- Born: Florence Carson Warfield September 25, 1869 Boonville, Missouri United States
- Died: April 5, 1958 (aged 88)
- Resting place: Beulah Cemetery Beulah, Mississippi
- Occupations: historian; socialite;
- Spouse: Walter Sillers
- Children: 6 (including Walter and Florence)
- Parent(s): Elisha Warfield Mary Anderson Carson
- Writing career
- Notable works: History of Bolivar County, Mississippi

= Florence Warfield Sillers =

American socialite and historian

Florence Carson Warfield Sillers (September 25, 1869 – April 5, 1958) was an American socialite and historian. A member of an influential American family with colonial ties, Sillers was a prominent figure of Mississippi society and was a founding member of the Mississippi Delta Chapter of the Daughters of the American Revolution. She was a member of multiple lineage and historical societies including the Colonial Dames of America, the National Society Magna Charta Dames and Barons, and the Mississippi Historical Society. In 1948 she published the History of Bolivar County, Mississippi, a book on the history of Bolivar County that glorified the Confederacy and contributed to the Lost Cause narrative.

== Biography ==
Sillers was born on September 25, 1869, in Booneville, Missouri, and grew up in Louisiana and Mississippi. She was the daughter of Colonel Elisha Warfield and Mary Anderson Carson. Her father, a planter who owned a plantation in Bolivar County, Mississippi, near Rosedale, served as a Confederate Officer in the 2nd Arkansas Infantry Regiment during the American Civil War. Her paternal ancestors had come from Great Britain to the Province of Maryland in the 17th century. Sillers was the great-granddaughter of the physician and horse-breeder Elisha Warfield and a grandniece of the suffragist Mary Jane Warfield Clay.

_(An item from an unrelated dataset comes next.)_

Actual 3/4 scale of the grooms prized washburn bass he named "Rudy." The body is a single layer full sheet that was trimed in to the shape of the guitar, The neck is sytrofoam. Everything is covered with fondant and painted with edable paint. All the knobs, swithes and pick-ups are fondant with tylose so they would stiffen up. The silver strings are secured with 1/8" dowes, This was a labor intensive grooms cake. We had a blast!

In 1887, at the age of seventeen, she married Walter Sillers, a lawyer and member of a prominent Mississippi Delta family, and had six children; Anna Farrar Sillers, Mary Sillers Skinner, Florence Sillers Ogden, Walter Sillers Jr., Evelyn Sillers Pearson, and Lillian Burrill Sillers Holleman. She was his second wife. Her husband owned several plantations in Bolivar County and was a Mississippi Democratic executive committee member. She lived with her family in a Victorian style mansion on Levee Street in Rosedale.

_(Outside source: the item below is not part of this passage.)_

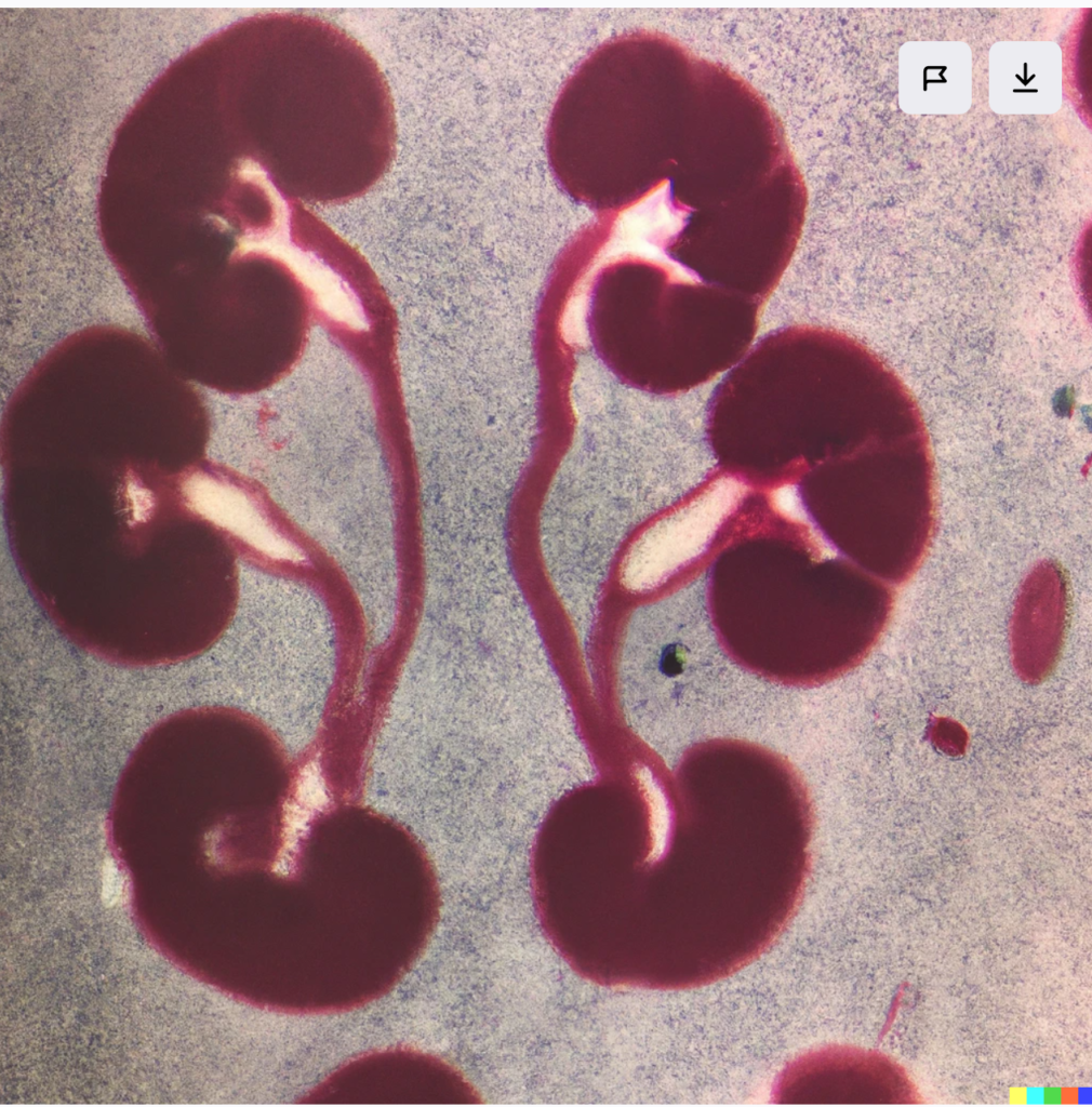 The article triggered the thought for me along the lines “I wonder if Organoids are being used in kidney research, and if so, where does the research stand? A new source of kidneys and/or kidney replacement obviously could obviate the need for dialysis in the future. So this topic is of interest to those on dialysis, especially those who are much younger than I am. As I have been trained to do so in such instances, I turned to my research assistant ChatGPT for input which is included below with modest editing by Grammarly and yours truly. The first paragraph below is the Prompt I generated to quiz ChatGBP Pro, followed by the edited response. The lead picture was generated in Dalle Ai with the Prompt “provide a picture of a potential organoid used for kidney research.”

As a prominent society figure in Mississippi, Sillers was member of multiple social societies and civic organizations including local chapters of the Colonial Dames of America, American Farm Bureau Federation, American Red Cross, Mississippi Delta Council, and the Rosedale Country Club. She was a member of the Methodist Episcopal Church and served as treasurer of the King's Daughters Hospital of Rosedale for twenty years. She was also a member of the Texas State Historical Association and the Mississippi Historical Society. Sillers was a founding member of the Mississippi Delta Chapter of the Daughters of the American Revolution. She later served as regent of the Chapter. In 1948 Sillers authored a book on the history of Bolivar County, titled History of Bolivar County, Mississippi, that glorified the Antebellum South and the Confederate States of America. Sillers was also a member of the National Society Magna Charta Dames and Barons, a society for descendants of signers of Magna Carta.

Sillers died on April 5, 1958, and is buried at Beulah Cemetery in Beulah, Mississippi.